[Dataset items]
•••

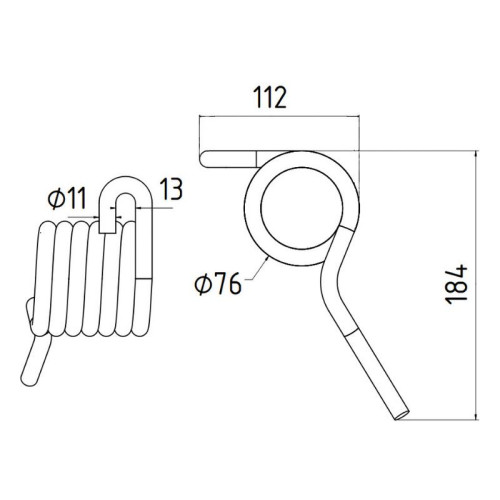 Federzinken - Heuwender - Rechts - Länge:184mm, Breite :14mm,Ø11mm
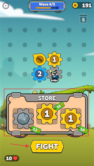2、利用“REROLL”功能刷新齿轮角色,尝试获取更高等级的角色,提升战力,为战斗做好准备,之后点击“FIGHT”开启战斗。
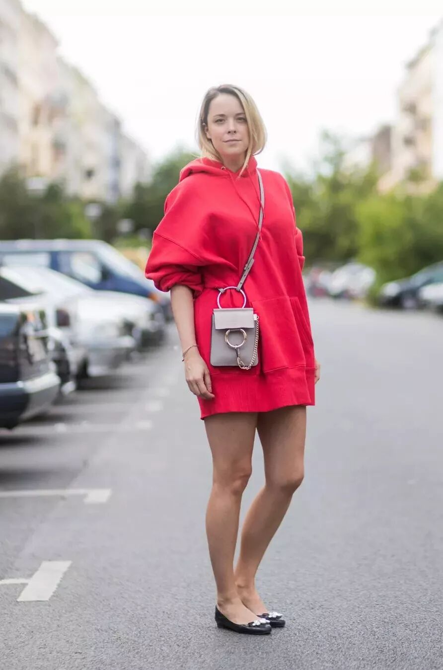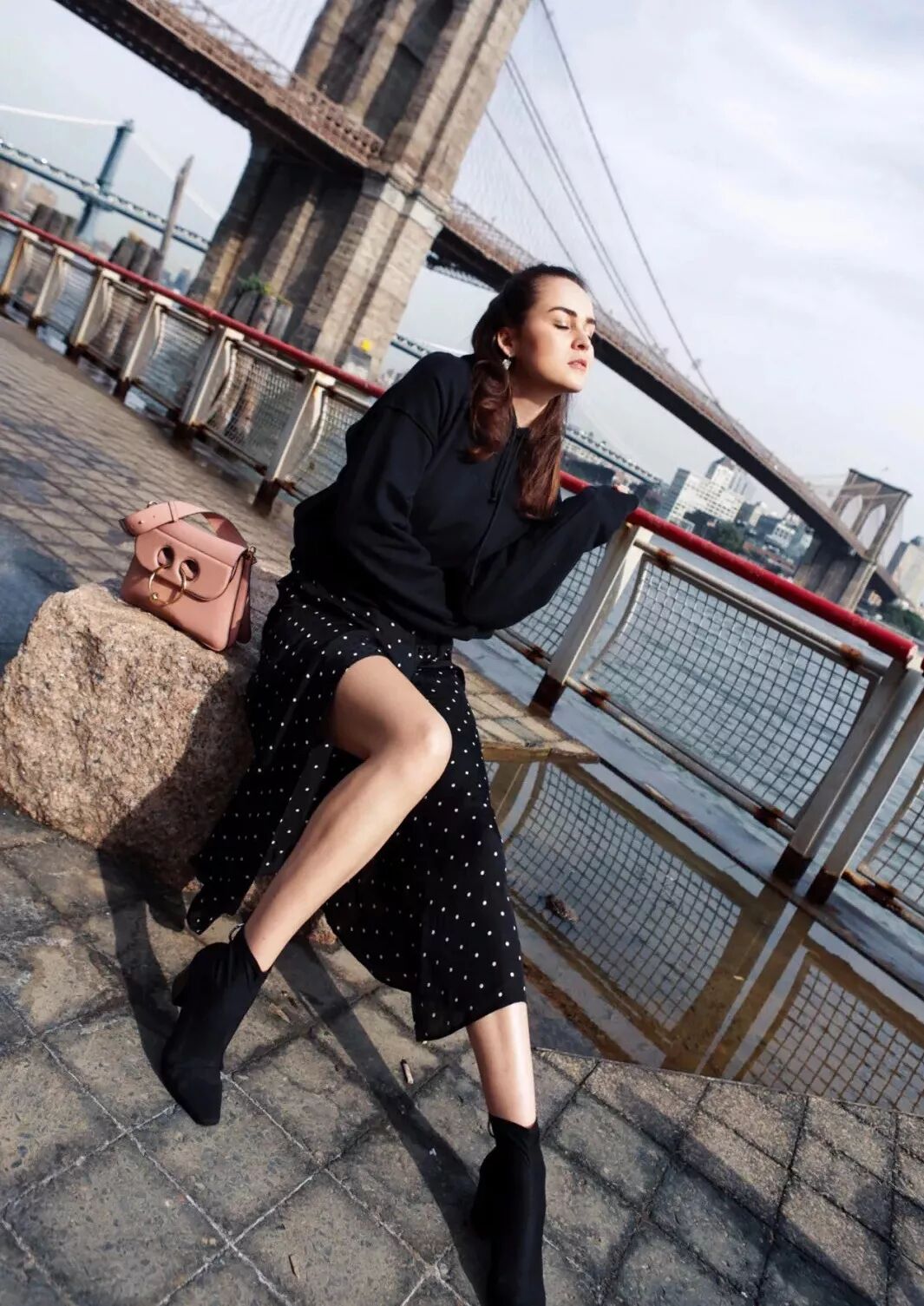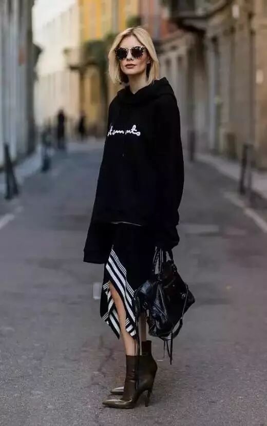 衛衣也不是和嫵媚感無緣,換上不對稱感和拼接的短裙,很基礎的衛衣也能搭出性感女人味。
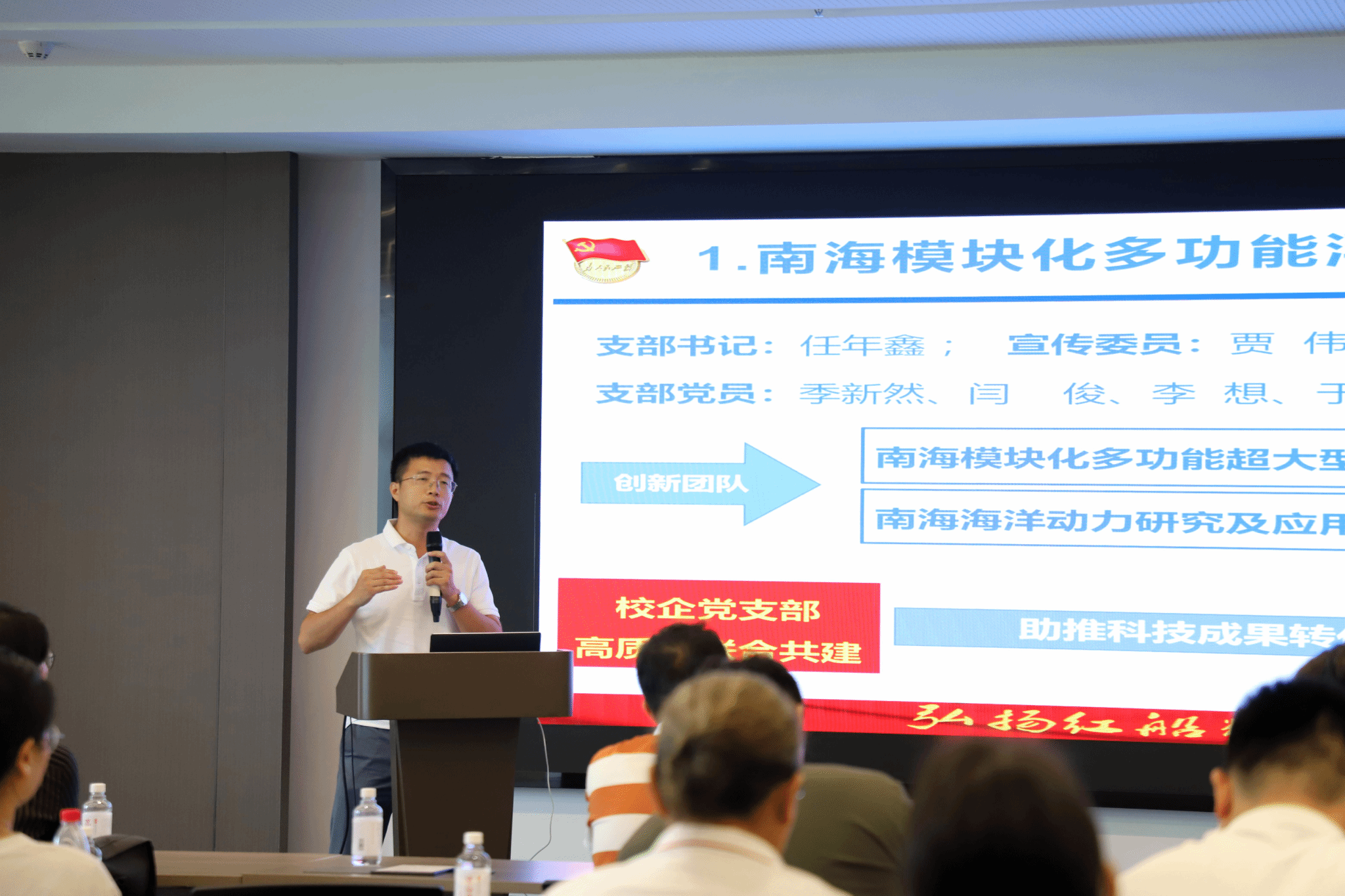 在党的第104个生日这一具有特殊意义的日子里,为进一步深化党建与业务融合,我校海洋科学与工程学院精心组织 50 余名教师党员走进william威廉亚洲官方科技园参观交流,与大学科技园管理中心党支部联合开展主题党日活动,深入研讨推动科技成果转化,提升社会服务能力的有效路径。活动由海洋科学与工程学院党总支书记郑中兵主持。
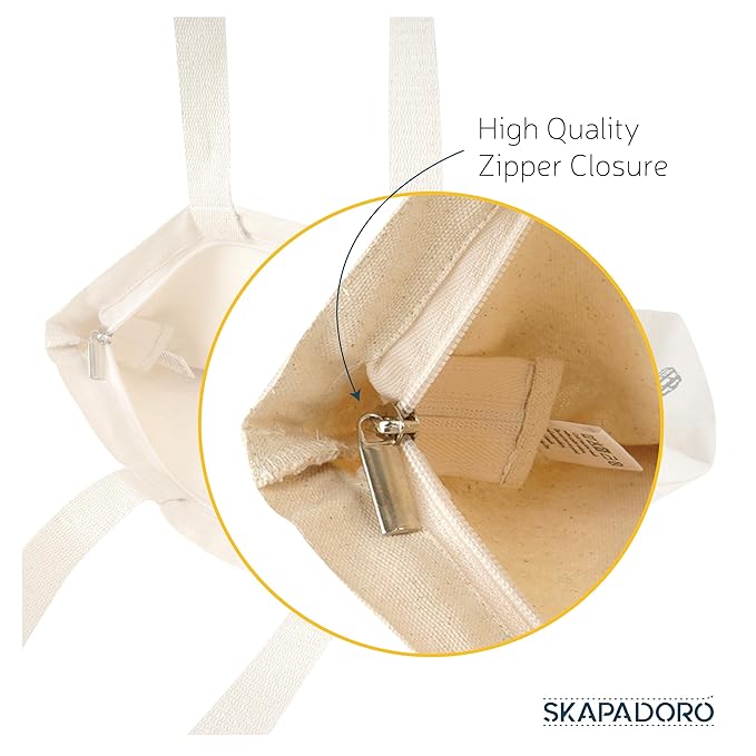 SKAPADORO, Canvas Zip Tote - 100% Cotton, Ecofriendly Printed Tote Bags For Travel, College & Beach, Shopping, Grocery, Easy to Wash Trendy Everyday Shoulder Bag
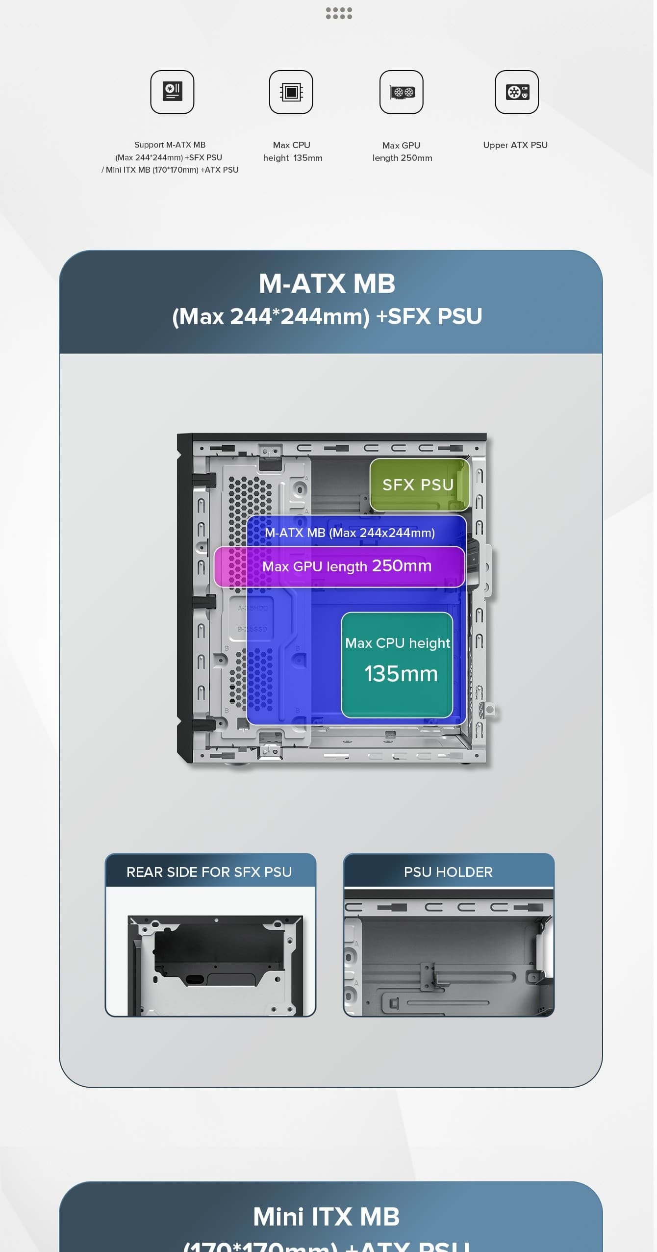 | M/B Form Factor | Micro-ATX(244*244), ini ITX | |
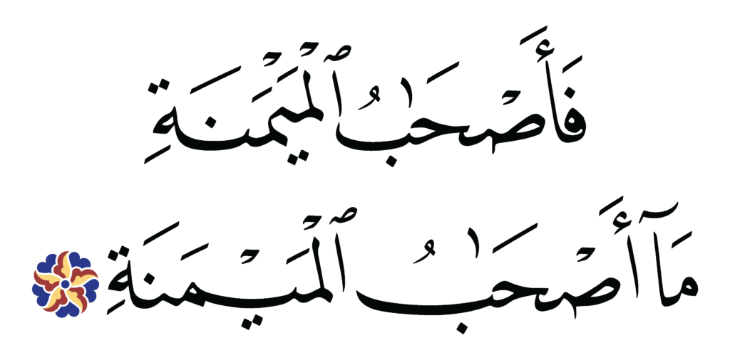 | Al-Waqi‘ah 56, 8 | Qur’an HM Queen Alia’s Mushaf | ![]() |
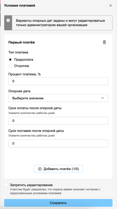 - Чтобы участник не мог вносить изменения в условия платежей и был уведомлен, что подача заявки означает согласие с предложенными условиями платежей, установите отметку в поле Запретить редактирование;
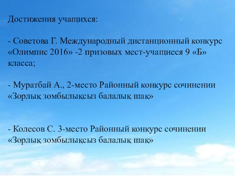 -Танатова Р.,Жетибаева Г., Орысбай Б. 1-место республиканский конкурсэссе «Великий учитель-пример для подражания» посвященный к 25-летию Независимости РК.
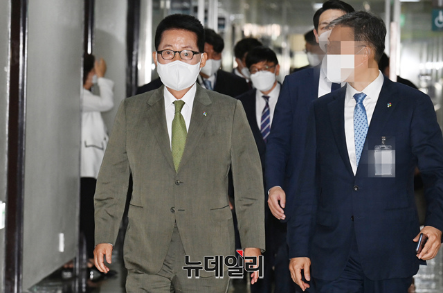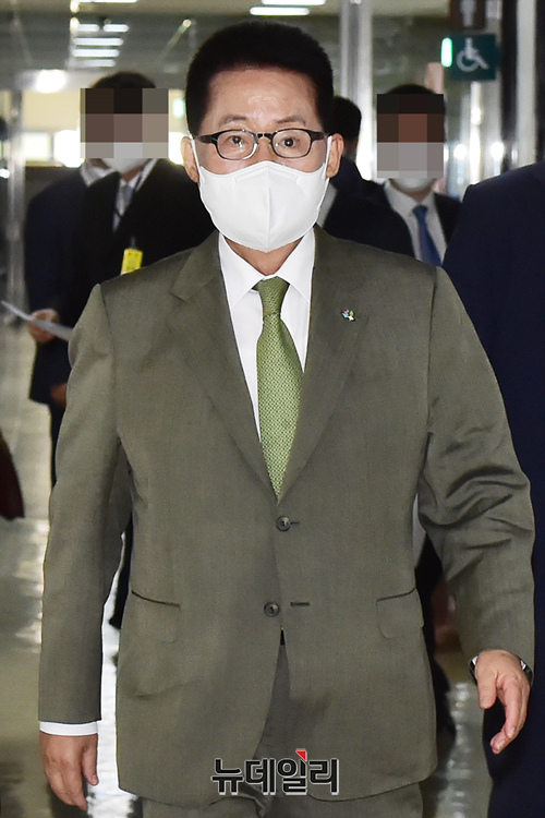 박지원 국정원장이 9일 오전 국회 정보위원회에서 열린 국정원 불법사찰에 대한 자체 감찰 결과 보고를 위해 회의실에 입장하고 있다. (사진=공동취재단)
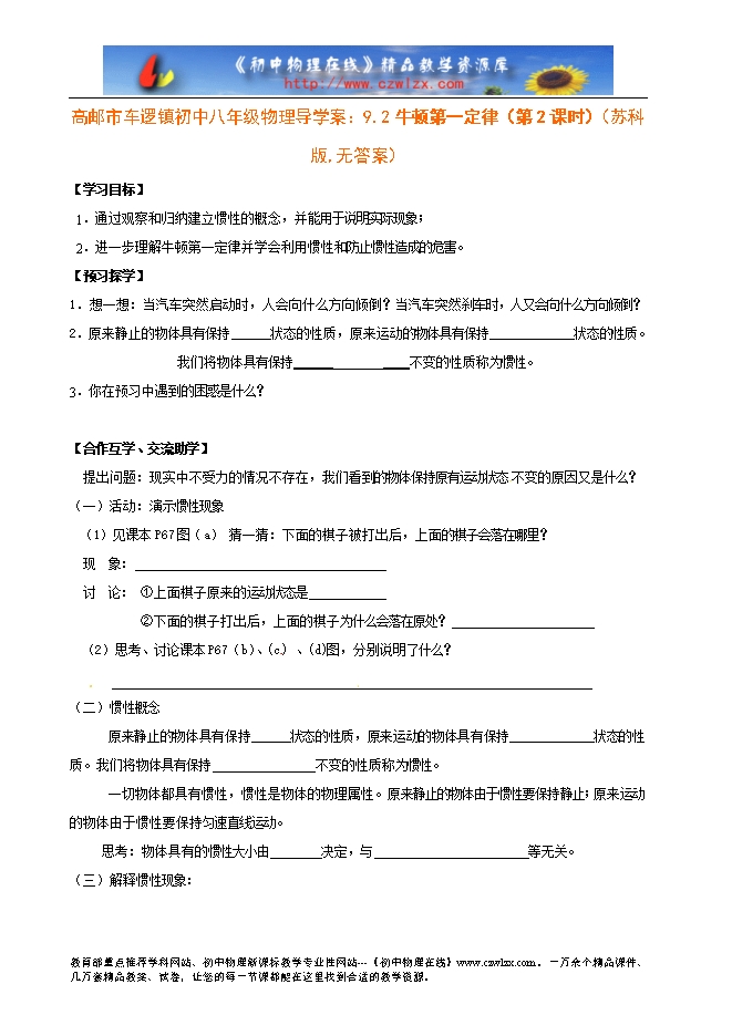 高邮市车逻镇初中八年级物理导学案:9.2牛顿第一定律(第2课时)(苏科版,无答案)
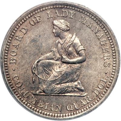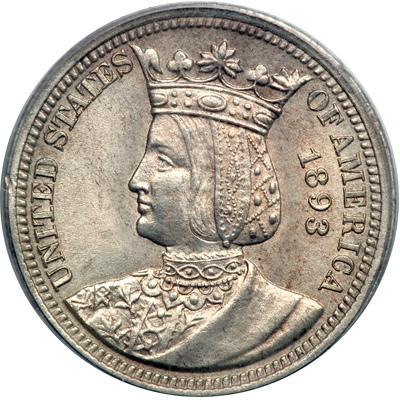 1893 Isabella Quarter Dollar. PCGS graded MS-63. Appealing steel grey shades. The strike is full, including the jeweled crown, Liberty's frilly blouse, and the design of the hair net or "snood" as it is called. Only 24,214 minted (PCGS # 9220) .
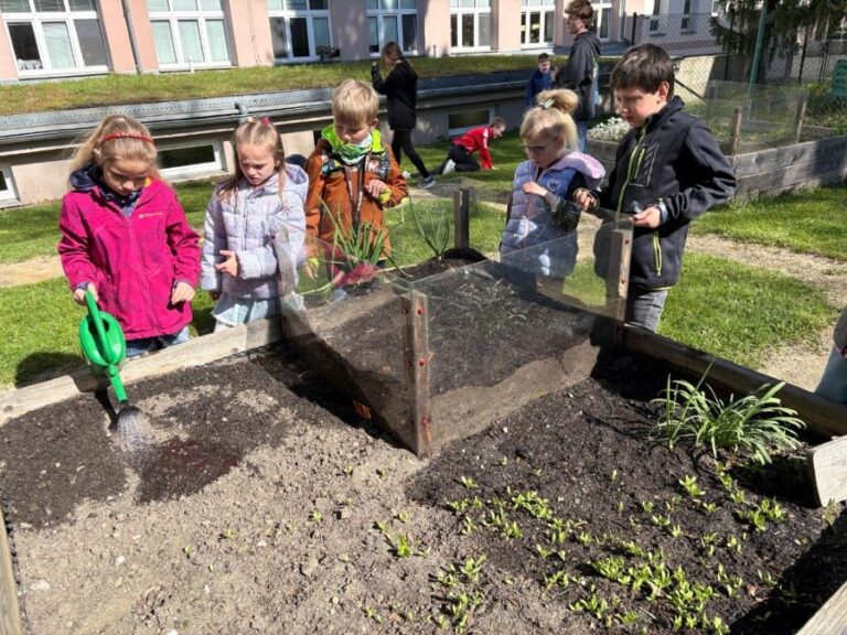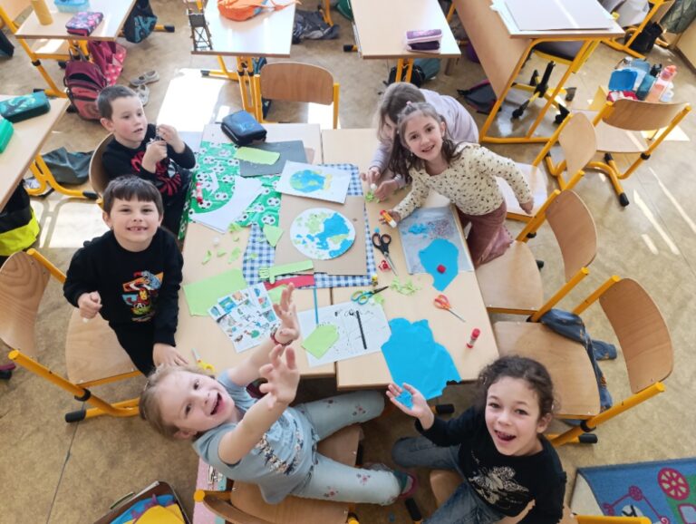 Tvořivé týmy přispěly k celkovému hodnocení výrobky na téma Den Země. Vznikaly plakáty, ptačí budky, krmítka pro ptáky či výrobky v duchu upcyklace. Některé skupiny vyrazily do přírody, jiné se zapojily do úklidu okolí řeky Lomné či okolí školy, vysévaly semínka rostlin a upravovaly záhonky v přírodní učebně. Do oslav se zapojili také žáci třetích tříd, kteří byli na škole v přírodě na Bílé a poslali nám pozdravy v podobě fotografií se vzkazy pro Zemi.

•••

Description of the task:
Starting at the first line of the records above, set down each line exactly through the one that holds "SKAPADORO, Canvas Zip". Omit pictures.

Your response:
 Federzinken - Heuwender - Rechts - Länge:184mm, Breite :14mm,Ø11mm
2、利用“REROLL”功能刷新齿轮角色,尝试获取更高等级的角色,提升战力,为战斗做好准备,之后点击“FIGHT”开启战斗。
 衛衣也不是和嫵媚感無緣,換上不對稱感和拼接的短裙,很基礎的衛衣也能搭出性感女人味。
 在党的第104个生日这一具有特殊意义的日子里,为进一步深化党建与业务融合,我校海洋科学与工程学院精心组织 50 余名教师党员走进william威廉亚洲官方科技园参观交流,与大学科技园管理中心党支部联合开展主题党日活动,深入研讨推动科技成果转化,提升社会服务能力的有效路径。活动由海洋科学与工程学院党总支书记郑中兵主持。
 SKAPADORO, Canvas Zip Tote - 100% Cotton, Ecofriendly Printed Tote Bags For Travel, College & Beach, Shopping, Grocery, Easy to Wash Trendy Everyday Shoulder Bag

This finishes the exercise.